**Problem to solve:** Your answer must be the lines from the one containing "ايهما اعلى منزلة" through the last line below, copied exactly, with no pictures.

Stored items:
════════════════

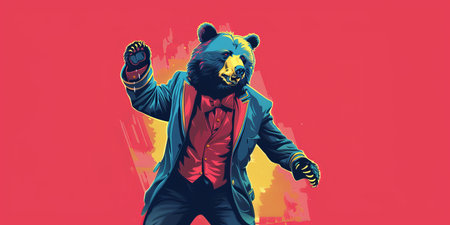Bear in vibrant 80s outfit with sunglasses, dancing, orange and pink gradient background
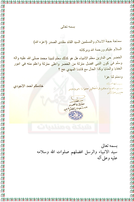 ايهما اعلى منزلة النبي الاكرم محمد صلى الله عليه واله ام الخضر عليه السلام استفتاء السيد القائد مقتدى الصدر اعزه الله 15 - 6 - 2015
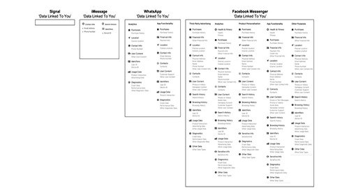 سیگنال و واتساپ از فناوری یکسان برای رمزگذاری سرتاسری استفاده میکنند، بنابراین در هردوی آنها محتوای پیامها و تماسها شخصی باقی میمانند. با این حال فیسبوک دادههای بسیار بیشتری را به شکل آمار میزان استفاده، متادیتا و موارد دیگری را جمعآوری میکند و دیگر نمیتوان از چنین کاری جلوگیری کرد.
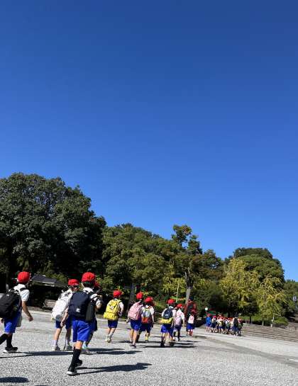 トイレを済ませたらどんぐりや落ち葉を探す「秋みつけ」に行きます。
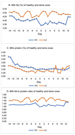 Our study shows that lame cows had a lower milk protein content and a higher milk fat-to-protein ratio. On the 3rd day before the onset of clinical signs of the disease until the day of diagnosis, the milk fat of lame cows was significantly reduced. In the milk of lame cows, lower concentrations of milk lactose were registered. Lameness in crossbred dairy cattle may affect the milk composition. Olechnowicz and Jacekowski (2010) detected a significant decrease in the average milk yield and in milk components of fat, protein, and lactose content in cows with clinical lameness, as compared to non-lame cows [35]; due to lameness, the cows exhibited poor absorption and assimilation of nutrients, since they were under more stress and pain and had increased oxidative agents, which in turn resulted in significantly lower average monthly protein, fat, and lactose contents and production compared to non-lame cows. In their subsequent trial, Olechnowicz and Jacekowski (2012) [36] observed that clinical lame cows had significantly lower milk protein content than healthy cows.

════════════════

**Answer to the problem:**
 ايهما اعلى منزلة النبي الاكرم محمد صلى الله عليه واله ام الخضر عليه السلام استفتاء السيد القائد مقتدى الصدر اعزه الله 15 - 6 - 2015
 سیگنال و واتساپ از فناوری یکسان برای رمزگذاری سرتاسری استفاده میکنند، بنابراین در هردوی آنها محتوای پیامها و تماسها شخصی باقی میمانند. با این حال فیسبوک دادههای بسیار بیشتری را به شکل آمار میزان استفاده، متادیتا و موارد دیگری را جمعآوری میکند و دیگر نمیتوان از چنین کاری جلوگیری کرد.
 トイレを済ませたらどんぐりや落ち葉を探す「秋みつけ」に行きます。
 Our study shows that lame cows had a lower milk protein content and a higher milk fat-to-protein ratio. On the 3rd day before the onset of clinical signs of the disease until the day of diagnosis, the milk fat of lame cows was significantly reduced. In the milk of lame cows, lower concentrations of milk lactose were registered. Lameness in crossbred dairy cattle may affect the milk composition. Olechnowicz and Jacekowski (2010) detected a significant decrease in the average milk yield and in milk components of fat, protein, and lactose content in cows with clinical lameness, as compared to non-lame cows [35]; due to lameness, the cows exhibited poor absorption and assimilation of nutrients, since they were under more stress and pain and had increased oxidative agents, which in turn resulted in significantly lower average monthly protein, fat, and lactose contents and production compared to non-lame cows. In their subsequent trial, Olechnowicz and Jacekowski (2012) [36] observed that clinical lame cows had significantly lower milk protein content than healthy cows.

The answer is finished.